LDPC decoding is usually handled via Belief Propagation
algorithm or one of its approximations [8]. The decoding
process iteratively updates bit error probabilities (usually rep-
resented as Logarithmic Likelihood Ratios or LLRs), which
express both the value of codeword bits (sign) and their
reliability (magnitude). The decoding algorithm can be seen
as the repetitive exchange of messages between variable and
check nodes, which leads to the progressive refinement of
LLRs towards correct decoded bits.
FPGA based LDPC emulators can be classified based on i)
the type of supported LDPC codes (structured, unstructured or
both), ii) the architecture of the decoder (serial or parallel),
iii) the decoding algorithm and iv) the target application. An
FPGA emulator for structured LDPC codes is presented in [9].

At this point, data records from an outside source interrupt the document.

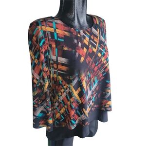Elevate your style with this vibrant multicolor geometric abstract pattern top. Perfect for any occasion, this top features a unique design that stands out.
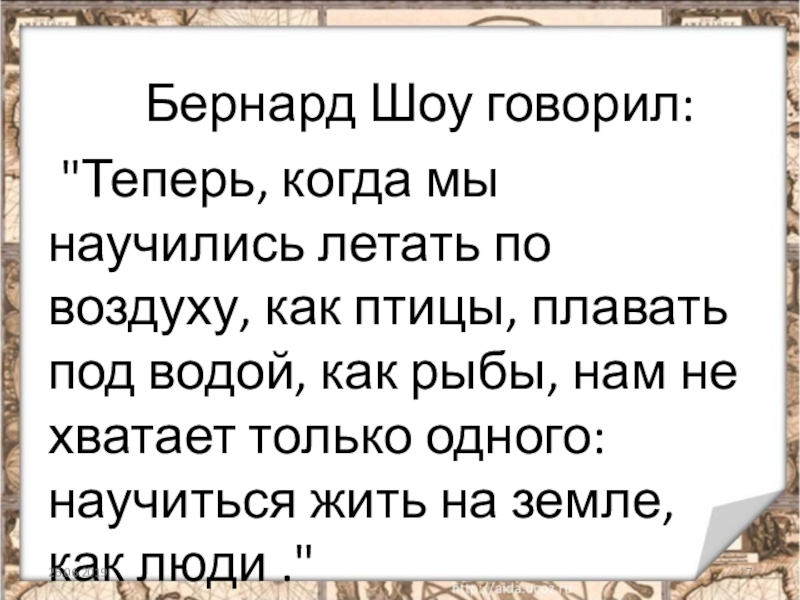 летать по воздуху, как птицы, плавать под водой, как рыбы, нам не хватает только одного: научиться жить на земле, как люди ."
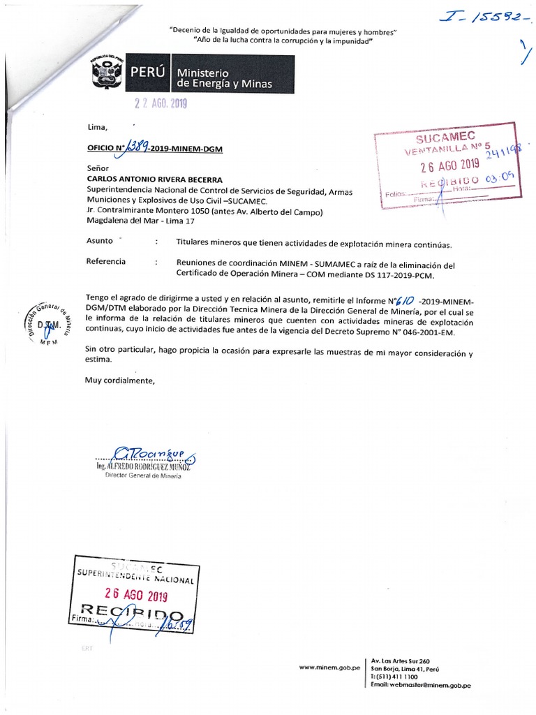 Tengo el agrado de crime a usted y en relacién al asunto,remitirle el Informe N“G/0 -2019-MINEM-
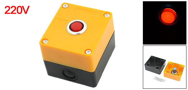 220V Yellow Plastic Case Red Signal Indicator Light Lamp Station Box
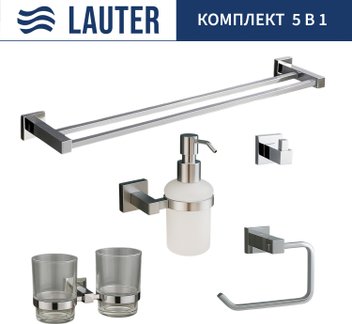 Набор аксессуаров для ванной Lauter 21SH6081 + 21SH6171 + 21SH6091 + 21SH6071 + 21SH6021 (Chrome, 5 предметов)
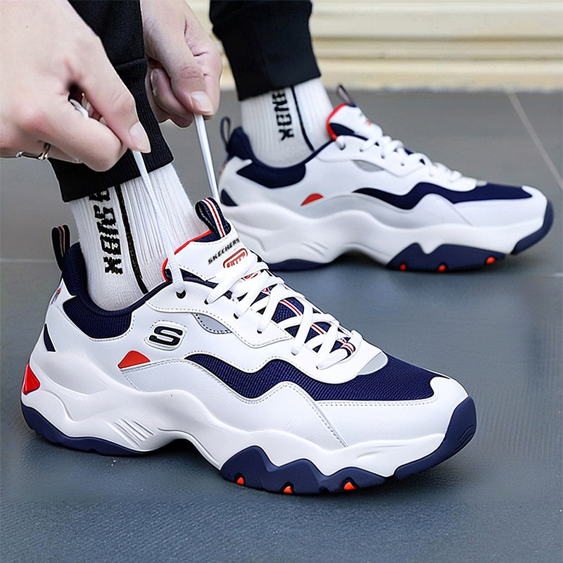 斯凯奇男鞋春季新款男士复古休闲鞋厚底显高运动鞋老爹鞋熊猫鞋潮

The emulator is able to achieve an average throughput of 1.35
Gbps for the (2048,1723) Reed-Solomon LDPC code using a
single partially parallel core based on the normalized min-sum
algorithm [8]. However, the throughput of the decoder scales
down increasing the circulant size.
The authors in [7] and [10] investigated the error floor per-
formance of LDPC codes for the magnetic recording channel.
In [7] the authors implemented an FPGA based simulator for
hardware-aware and performance oriented QC-LDPC codes.
They constructed randomly high rate QC-LDPC codes with
maximum circulant and column weight of 2 and 4, respectively.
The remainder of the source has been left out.